The lines from the one with "CIELCh 66.225,42.444,116.827 Color" through the last line of the material below, copied exactly and free of pictures, make up the whole answer.

BEGIN

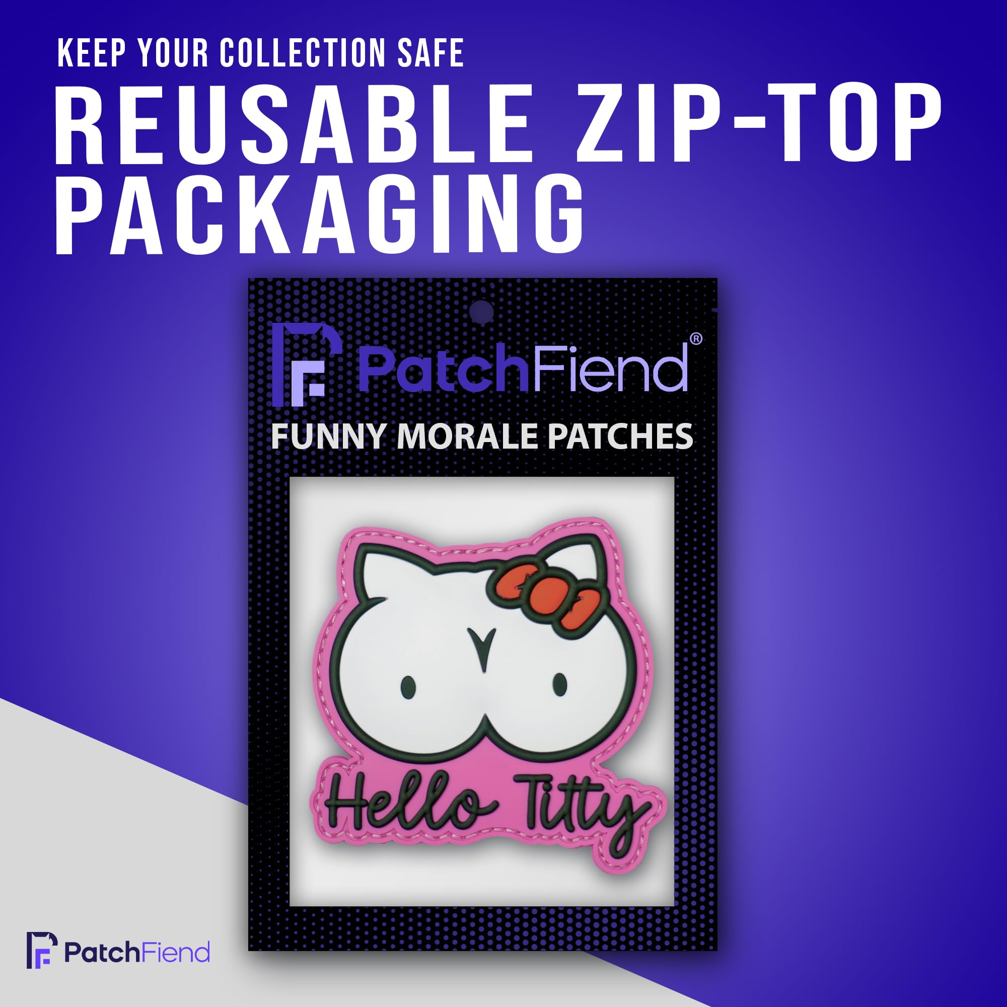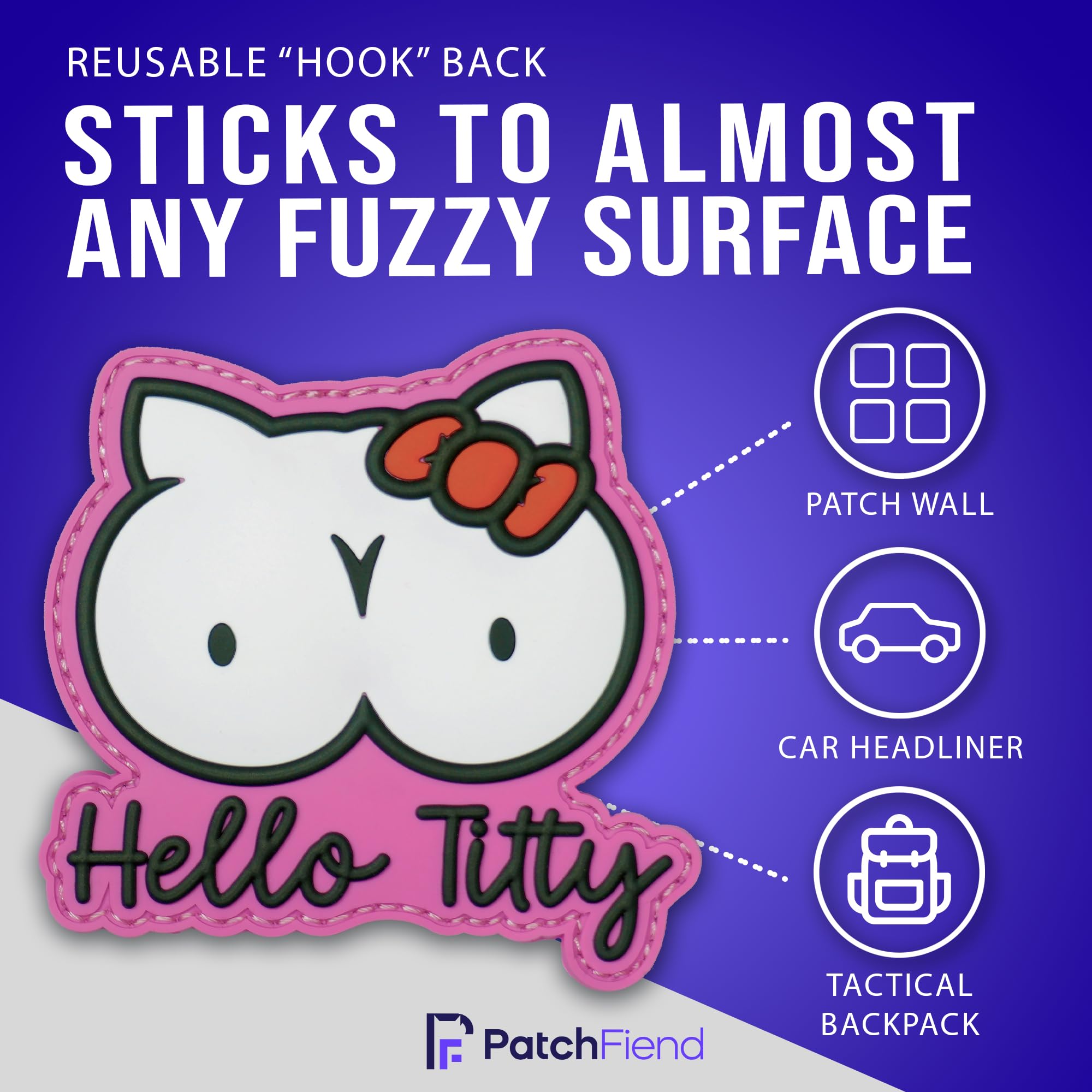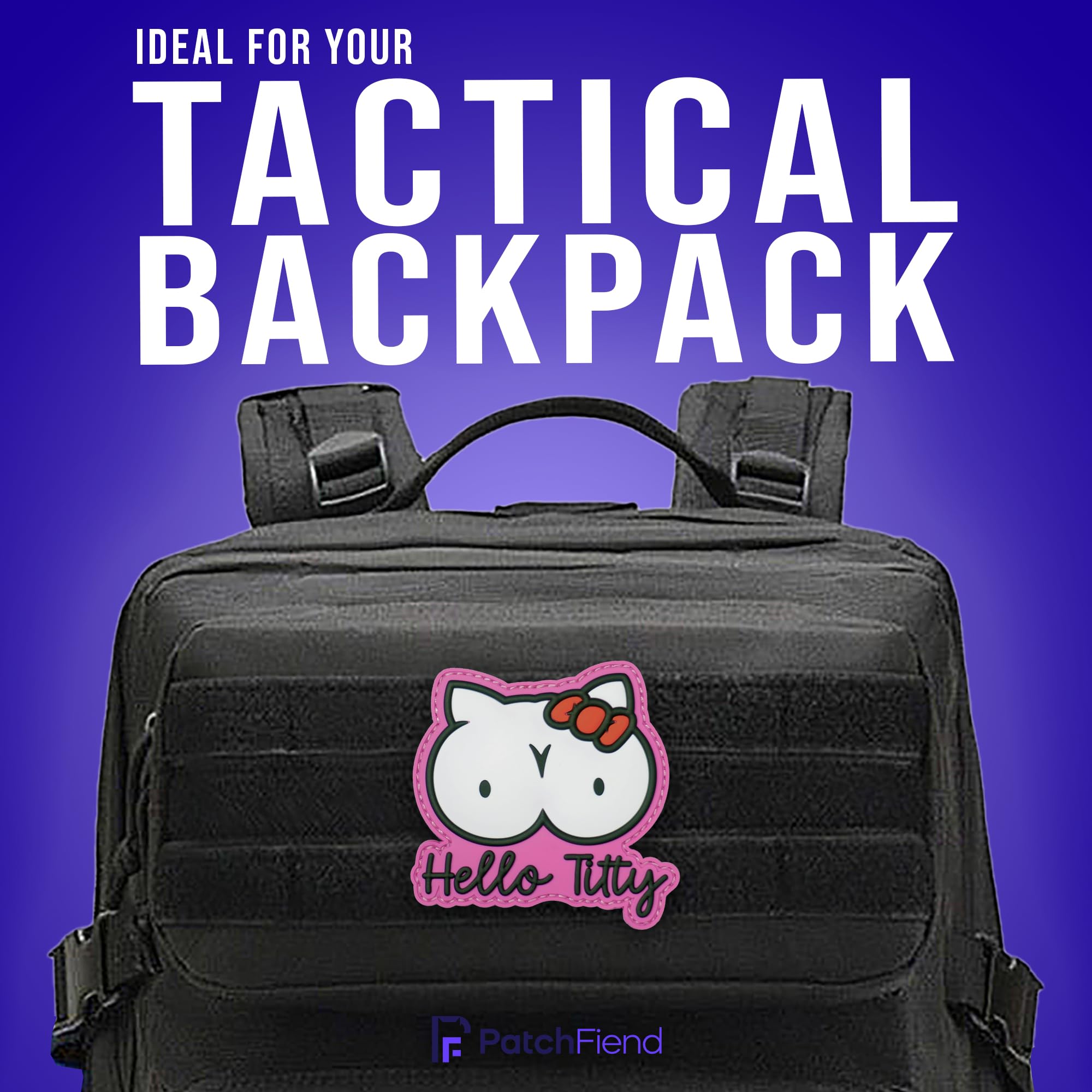 Uniquely Amusing Design: Stand out with this hilarious "Hello Titty" PVC morale patch, a witty parody that reimagines a classic character with a playful, adult twist. Perfect for those who appreciate a good laugh and want to add a touch of edgy humor to their gear.
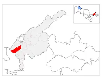 Quyichirchiq or Quy Chirchiq (Low Chirchiq) is a district of Tashkent Region in Uzbekistan. The capital lies at the city Doʻstobod.[1] It has an area of 560 km2 (220 sq mi)[2] and it had 110,100 inhabitants in 2021.[3] The district consists of one city (Doʻstobod), 2 urban-type settlements (Qoʻrgʻoncha, Paxtazor) and 9 rural communities (Gul, Ketmontepa, Maydontol, Qoʻrgʻoncha, Maʼnaviyat, Maʼrifat, Oʻzbekiston, Toshovul, Toshloq).[1]
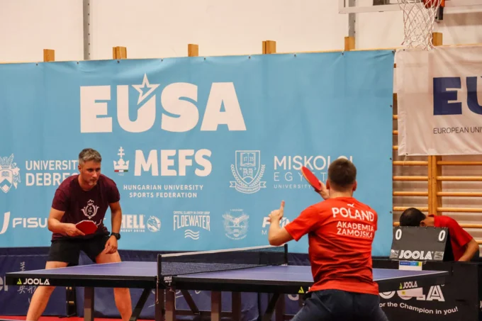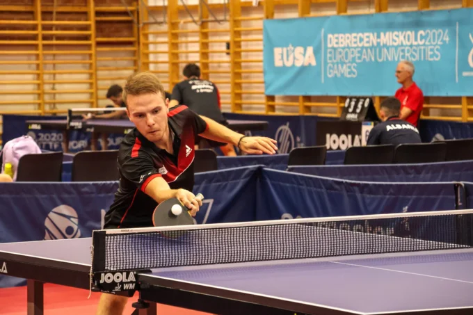 In the men’s competition, we witnessed the competitive spirit among the teams of University of Debrecen (HUN) playing against University of Ljubljana (SLO) ; Zamojski Academy (POL) vs Vytautas Magnus University (LTU), as well as Nisantasi University (TUR) against Swiss Federal Institute of Technology Lausanne (SUI). Fiery day at the Kossuth High School Hall in Debrecen today, as Table Tennis had a strong kick off at the European Universities Games 2024.
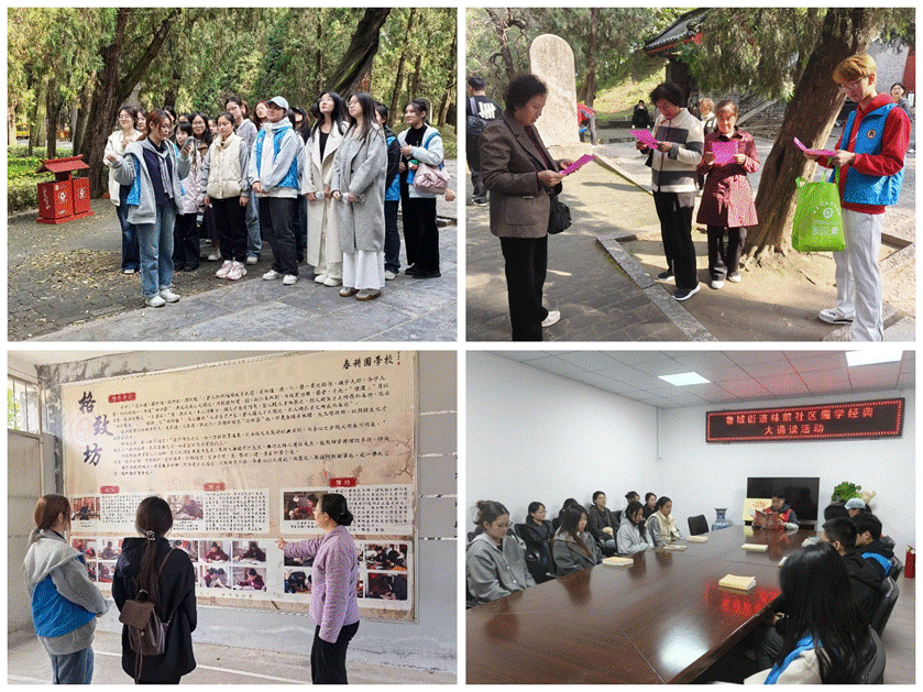 10月18日下午,学院组织开展“礼敬圣贤·知行合一”优秀传统文化传承系列实践活动。活动中,国学导师领读《四书》,体悟古典语言韵律之美;志愿者深入孔林,追寻儒家文化的深远内涵;分发宣传单,呼吁广大群众关注文化遗产保护;走进曲阜春耕园学校,聆听传统礼仪与“君子六艺”的讲解,领悟传统文化教育的深远意义。
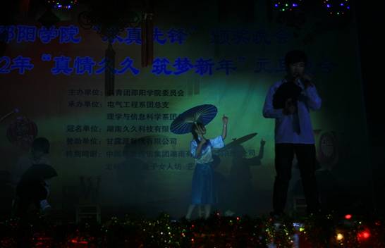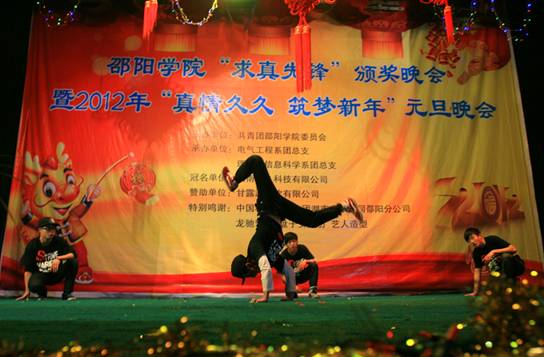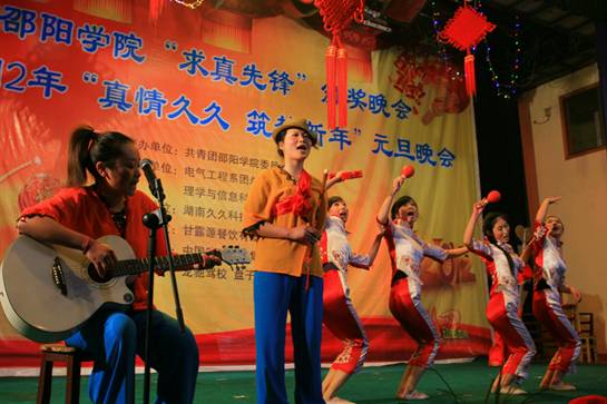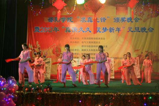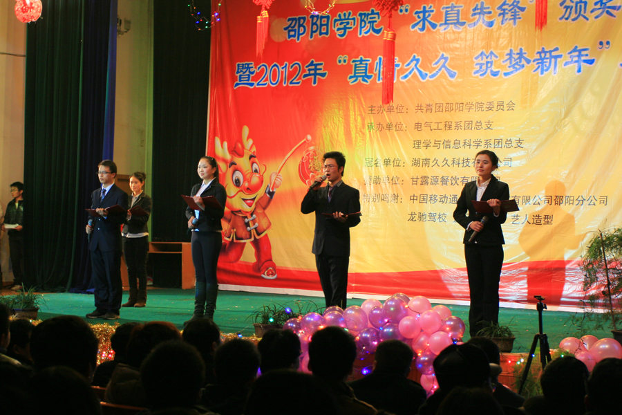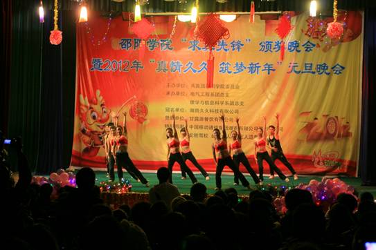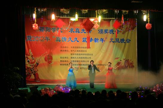 12月29日晚7时30分,由共青团邵阳学院委员会主办,电气工程系、理学与信息科学系承办的邵阳学院“求真先锋”颁奖晚会暨2012年元旦晚会在七里坪校区隆重举行。院长曹健华,副院长曾宝成,党委副书记陈晓飞,副院长曾阳素、洪振华、袁曦、陆步诗,副院级督导孙延斐,院长助理唐国华,以及学校各机关单位及各部门领导以及各系负责人应邀出席,与到场的一千余名师生共济一堂,兴致勃勃地观看晚会。
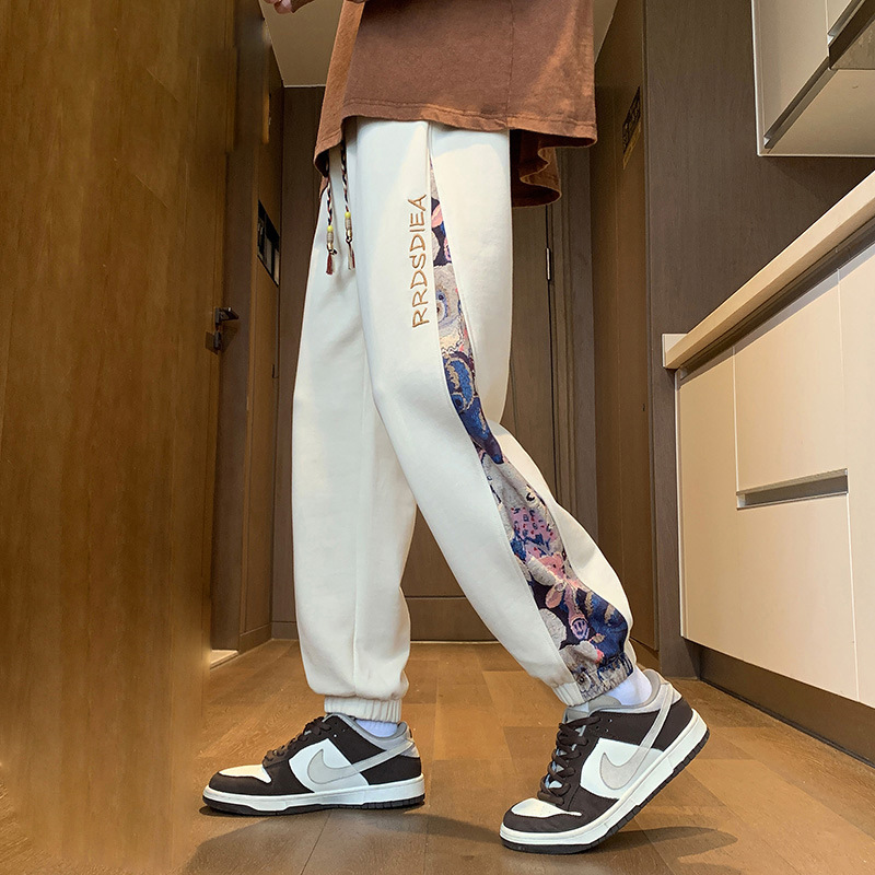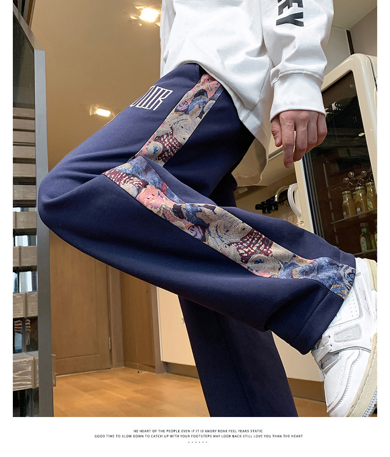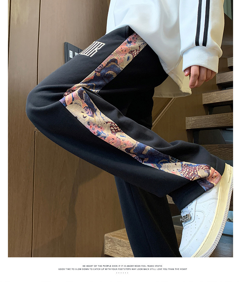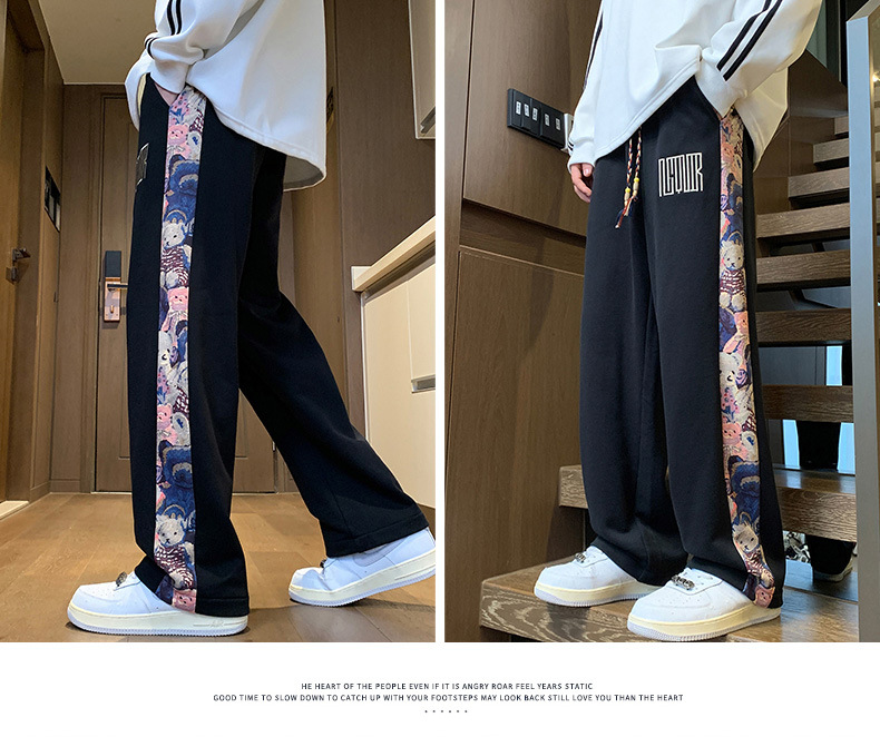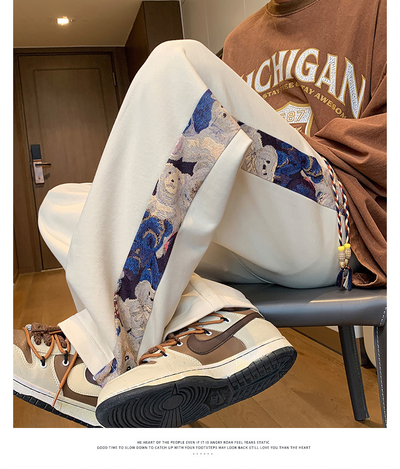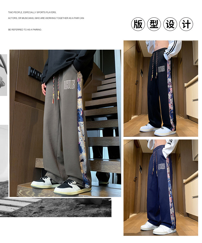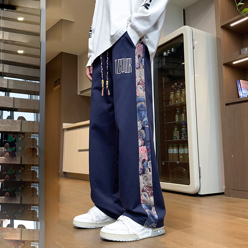 NASA 트렌디 한 브랜드 중국 스타일 바지 남자 봄과 가을 새 곰 자수 스트레이트 바지 미국 캐주얼 바지
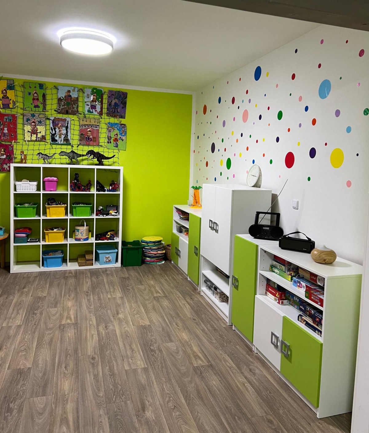 Vybavení naší školky je zcela nové a moderní, přizpůsobené potřebám dětí.
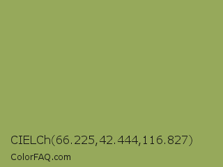 CIELCh 66.225,42.444,116.827 Color is a normal lime color and the nearest color is Chelsea Cucumber #83aa5d. Hex code #96a95b and RGB value is rgb(150,169,91). In RGB color space, this color is composed of 59% red, 66% green, 36% blue, In CMYK color space, this color is composed of 11% cyan, 0% magenta, 46% yellow , 34% black , In HSL color space, this color has a hue angle of 75° , 31% saturation and 51% lightness.
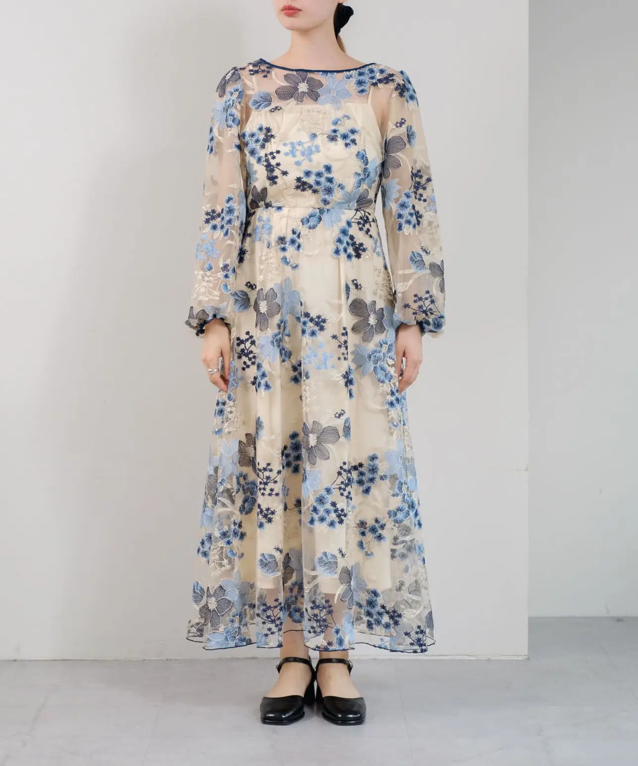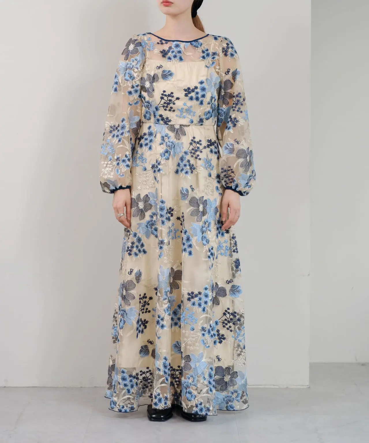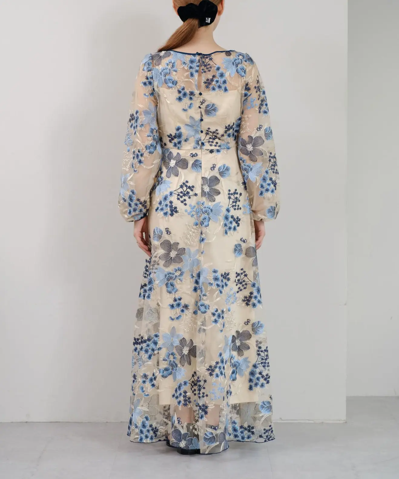 オーガンジー素材特有の軽やかで上品な透け感が、エレガントさを際立たせる一着です。THE URBAN BLANCHEのウェディングドレスのディティールを取り入れ、美しいシルエットを実現しているため、品格のあるスタイルがお好きな方には非常におすすめです。精巧な花柄刺繍が施されており、動きに合わせて光を受けて美しい陰影が生まれ、見る角度ごとに異なる表情が楽しめます。また、ウエストのギャザーが自然に体に沿い、Aラインシルエットがエレガントな雰囲気を強調します。厳選されたシーンにふさわしい、洗練された印象を与える一着です。
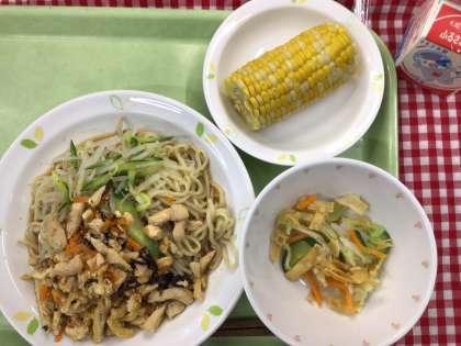 「冷やし中華、パリパリたっぷりサラダ、茹でとうもろこし、牛乳」です。

END

## Answer for the task
 CIELCh 66.225,42.444,116.827 Color is a normal lime color and the nearest color is Chelsea Cucumber #83aa5d. Hex code #96a95b and RGB value is rgb(150,169,91). In RGB color space, this color is composed of 59% red, 66% green, 36% blue, In CMYK color space, this color is composed of 11% cyan, 0% magenta, 46% yellow , 34% black , In HSL color space, this color has a hue angle of 75° , 31% saturation and 51% lightness.
 オーガンジー素材特有の軽やかで上品な透け感が、エレガントさを際立たせる一着です。THE URBAN BLANCHEのウェディングドレスのディティールを取り入れ、美しいシルエットを実現しているため、品格のあるスタイルがお好きな方には非常におすすめです。精巧な花柄刺繍が施されており、動きに合わせて光を受けて美しい陰影が生まれ、見る角度ごとに異なる表情が楽しめます。また、ウエストのギャザーが自然に体に沿い、Aラインシルエットがエレガントな雰囲気を強調します。厳選されたシーンにふさわしい、洗練された印象を与える一着です。
 「冷やし中華、パリパリたっぷりサラダ、茹でとうもろこし、牛乳」です。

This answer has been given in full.